Editor’s Note: Today’s post comes from contributing editor Bob Beach. Beach is a Ph.D. candidate in history at the University of Albany, SUNY.

As the globetrotting mass of drug historians have been preparing to make their way to Shanghai for the bi-annual conference over the last few days, I (who am, unfortunately, not attending) had a chance to sit down and read some fiction. I don’t often get a chance to read much fiction. I have a copy of Kurt Vonnegut’s Slaughterhouse-Five on a shelf on my desk, and the bookmark has been on page 50 since the day I purchased the book for the trip to Dwight, IL, for the ADHS conference there in 2016.

Screenshot 2019-06-06 at 8.14.32 AM
The original hardcover edition

But this latest literary indulgence was more directly research-related. Terry Southern’s collection of short stories entitled Red Dirt Marijuana and other Tastes has been on my list following a very productive archive trip to New York City two summers ago. I spent a few days (not nearly enough) in the Henry W and Albert A Berg Collection of English and American Literature at the New York Public Library, checking out the collected papers of a number of Beat writers like Jack Kerouac, William S Burroughs and others.

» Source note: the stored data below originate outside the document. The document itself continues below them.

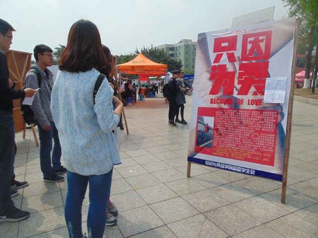 团委学生会牵头、王永成的班级同学配合为其举行“只因为爱”现场募捐活动,正是为积大家之爱助王永成同学渡过难关而举办。
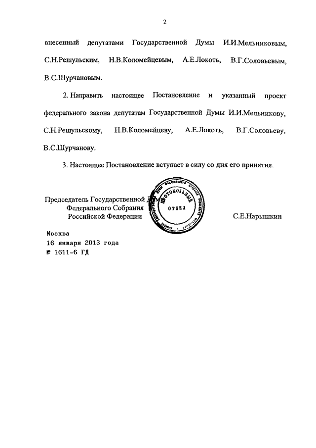 ПОСТАНОВЛЕНИЕ ГД ФС РФ от 16.01.2013 N 1611-6 ГД
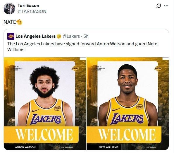 内特-威廉姆斯加盟湖人!老队友伊森转发消息 并送上祝福
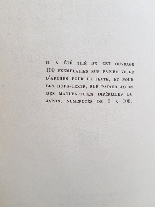 Trois volumes grand in-8 (265 x 188 mm), bradel demi-toile saumon, dos lisse orné d'un fleuron, pièce de maroquin bleu, non rogné, couverture conservée (reliure d'époque). Tirage à 1351 exemplaires ; un des 100 sur Chine de format in-8 jésus (N° 61). (quelques défauts, frottements sur les pièces de titre, coins usés, piqûres sur les tranches, quelques rousseurs). // Three tall octavo volumes (265 x 188 mm), bradel salmon half-cloth, smooth spine tooled with a floweret, blue morocco label, uncut, soft cover preserved (contemporary binding). Limited printing of 1351 copies ; one of the 100 on China paper size "in-8 jésus" (Nr 61). (some defects, rubbings on labels, corners used, spots on edges, some foxing).
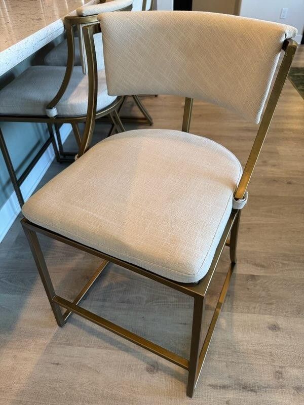 Allister Upholstered Counter Stools – Set of 4 (Excellent Condition) Selling four Allister upholstered counter stools, originally from Ballard Designs. These have a sleek, modern look with sculptural lines that elevate any kitchen island or counter space. Details: - Price: $125 each (or $500 for all 4) - Condition: Great – very well maintained - Upholstered in the USA - Durable metal frame with antique brass finish
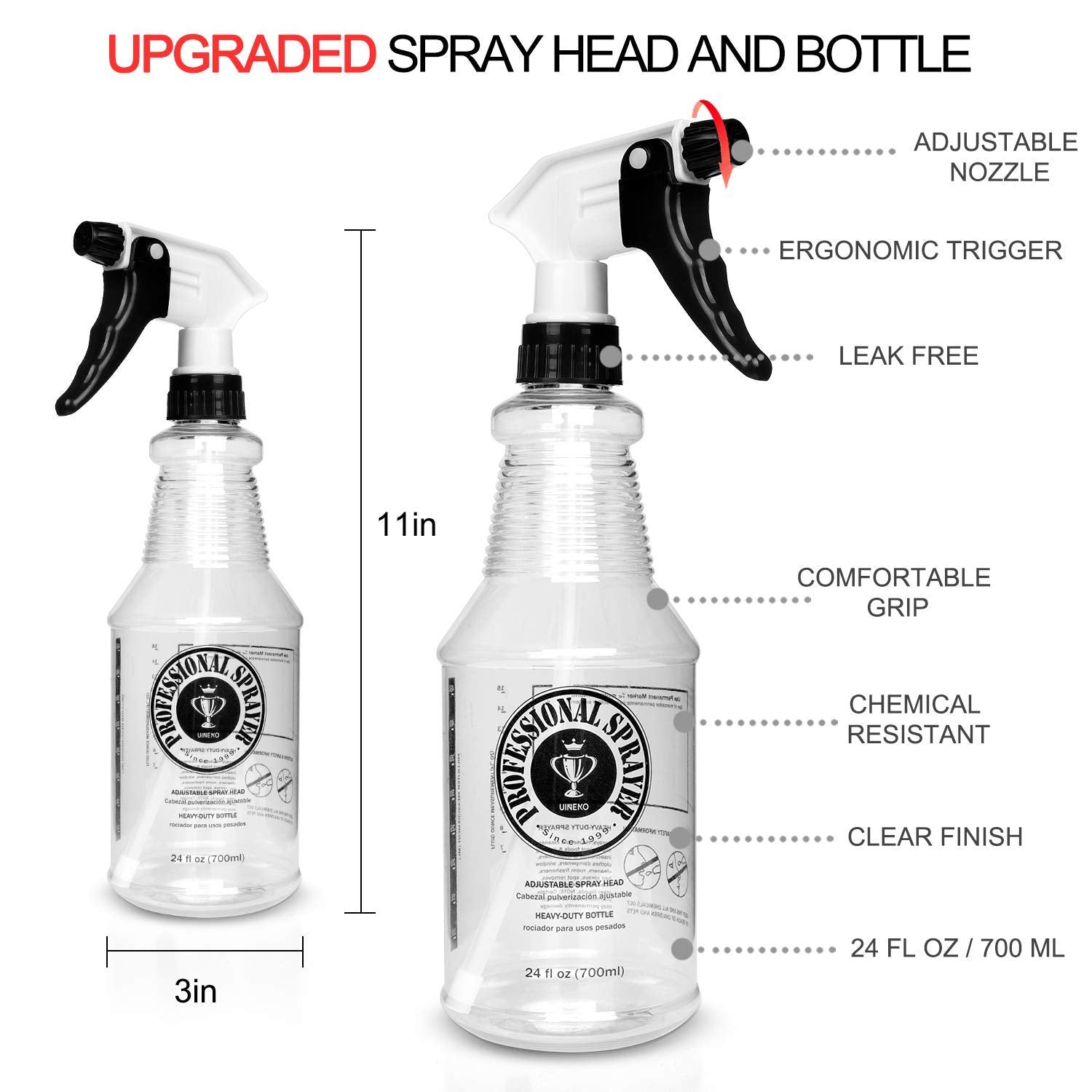- Clear Body & Better Trigger Design - Easy to use and clear bottle makes it easy to see contents and how much remains. Much lighter in weight and also safer than glass bottles. The unique design 3-finger trigger makes your fingers rest easily on it and the bottle fit comfortably in your hand, eliminating hand fatigue.
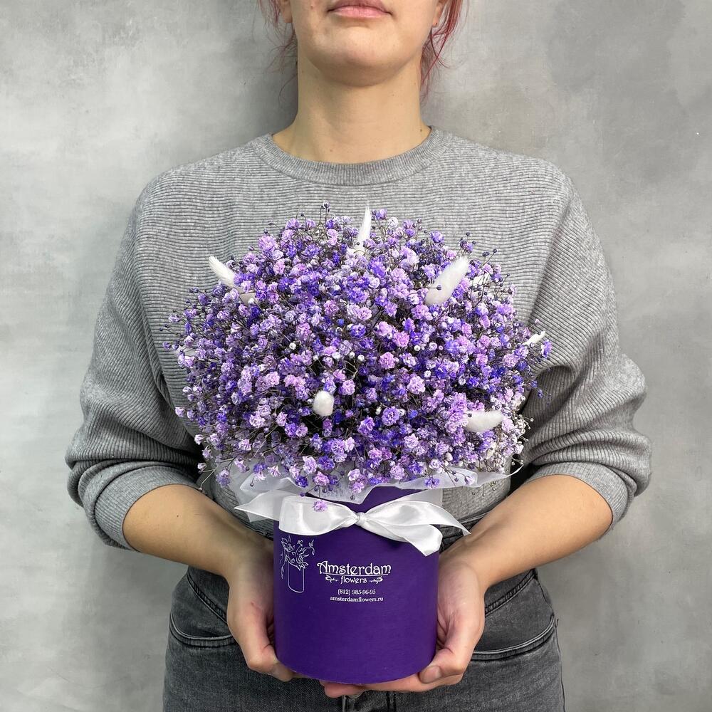 Гипсофила – 7 шт.Оазис – 1 шт.Коробка d12 – 1 шт.Лагурус (сухоцвет) – 11 шт.

My dissertation research is formulating an argument about a marijuana culture in the United States beyond the Beats, with which it is commonly associated in the period prior to the 1960s. My initial reasoning was simply because this cultural movement has received plenty of coverage by literary figures and historians of the period. But I didn’t want to pass up an opportunity to look at the Beat archives during my time at the New York Public Library. Southern’s papers contained drafts of a couple of the stories (including the title work) as well as some correspondence between Southern and other literary and showbiz figures from the fifties through the nineties. (Southern died in 1995.)